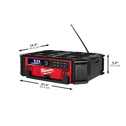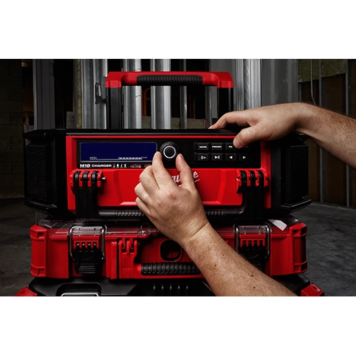Our M18™ Jobsite Radio + Charger w/ PACKOUT™ Compatibility is the ULTIMATE JOBSITE SOUND SYSTEM, fully compatible with all PACKOUT™ storage system solutions. This 10 speaker sound system delivers you with 360° sound. The Milwaukee M18™ jobsite radio delivers full range connectivity with Bluetooth® 4.2, an auxiliary input, and an AM/FM radio. The Bluetooth speaker also features a built-in M18™ charger. This heavy duty jobsite radio has a 2.1AH USB output to keep your M18™ batteries and mobile devices charged all day long.
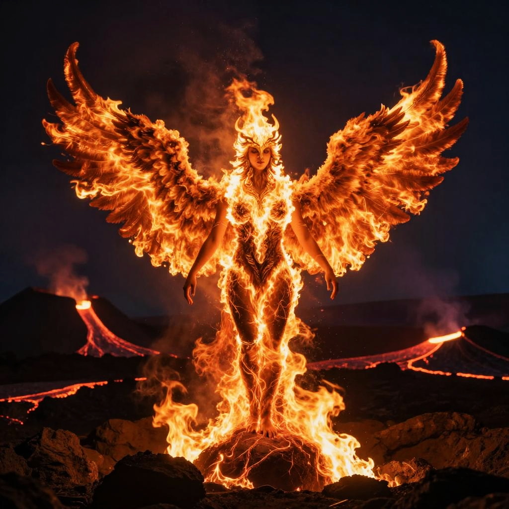 Pele – Goddess of volcanoes and fire, portrayed as a radiant phoenix-like deity wreathed in flames, wings spreading wide with blazing intensity, standing in the barren volcanic wasteland at night, lit only by the pulse of flowing lava rivulets and distant stars.
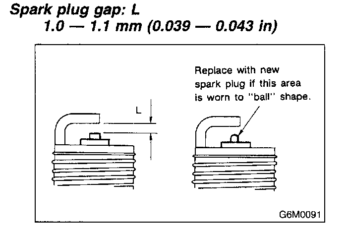 After cleaning spark plugs, recondition firing surface of electrodes with file. Then correct the spark plug gap using a gap gauge.
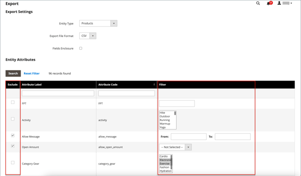 Pour inclure uniquement les enregistrements avec une valeur spécifique, telle qu’un SKU, saisissez la valeur dans le champ Filtre . Certains champs tels que Prix, Poids et Définir le produit comme nouveau comportent une plage de valeurs de/à.
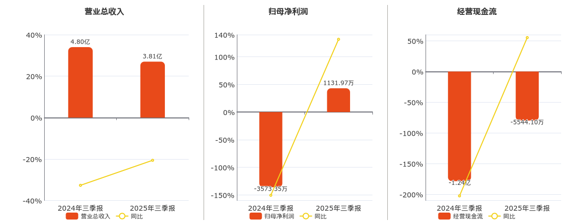公司财务表现 - 公司前三季度实现营收3.75亿元,同比下降7.28% [1] - 公司前三季度归母净利润亏损144万元 [1] - 公司前三季度扣非净利润亏损464万元 [1] - 公司前三季度基本每股收益为-0.0115元 [1]
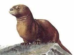Características: Nutria de tamaño inferior al metro cuando es adulta. El cráneo tiene un largo inferior a los 10 cm. Su largo total es de aproximadamente
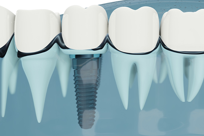 임시치아 장착 후 임플란트가 뼈에 유착되는 것을 기다립니다.
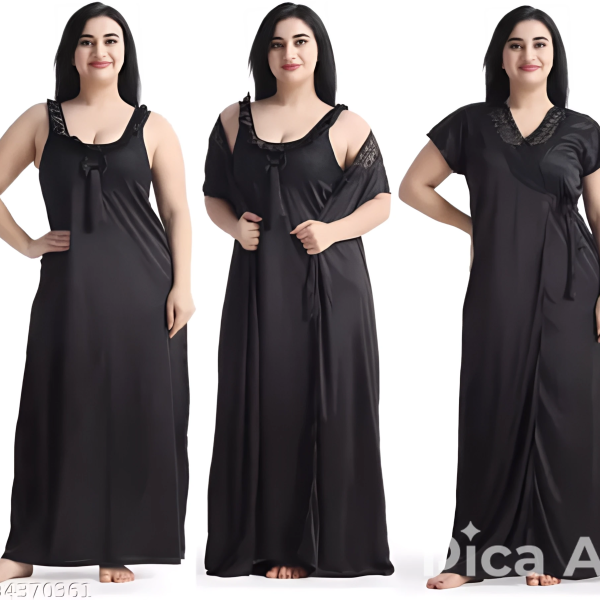 Black – Women’s 4-Piece Satin Nightwear Set – Night Robe, Slip & Lingerie | Free Size

== Brief ==
The lines to copy run from the line containing "After cleaning spark" through the end of the data above; copy exactly those, minus the pictures.

== Answer space ==
 After cleaning spark plugs, recondition firing surface of electrodes with file. Then correct the spark plug gap using a gap gauge.
 Pour inclure uniquement les enregistrements avec une valeur spécifique, telle qu’un SKU, saisissez la valeur dans le champ Filtre . Certains champs tels que Prix, Poids et Définir le produit comme nouveau comportent une plage de valeurs de/à.
公司财务表现 - 公司前三季度实现营收3.75亿元,同比下降7.28% [1] - 公司前三季度归母净利润亏损144万元 [1] - 公司前三季度扣非净利润亏损464万元 [1] - 公司前三季度基本每股收益为-0.0115元 [1]
Características: Nutria de tamaño inferior al metro cuando es adulta. El cráneo tiene un largo inferior a los 10 cm. Su largo total es de aproximadamente
 임시치아 장착 후 임플란트가 뼈에 유착되는 것을 기다립니다.
 Black – Women’s 4-Piece Satin Nightwear Set – Night Robe, Slip & Lingerie | Free Size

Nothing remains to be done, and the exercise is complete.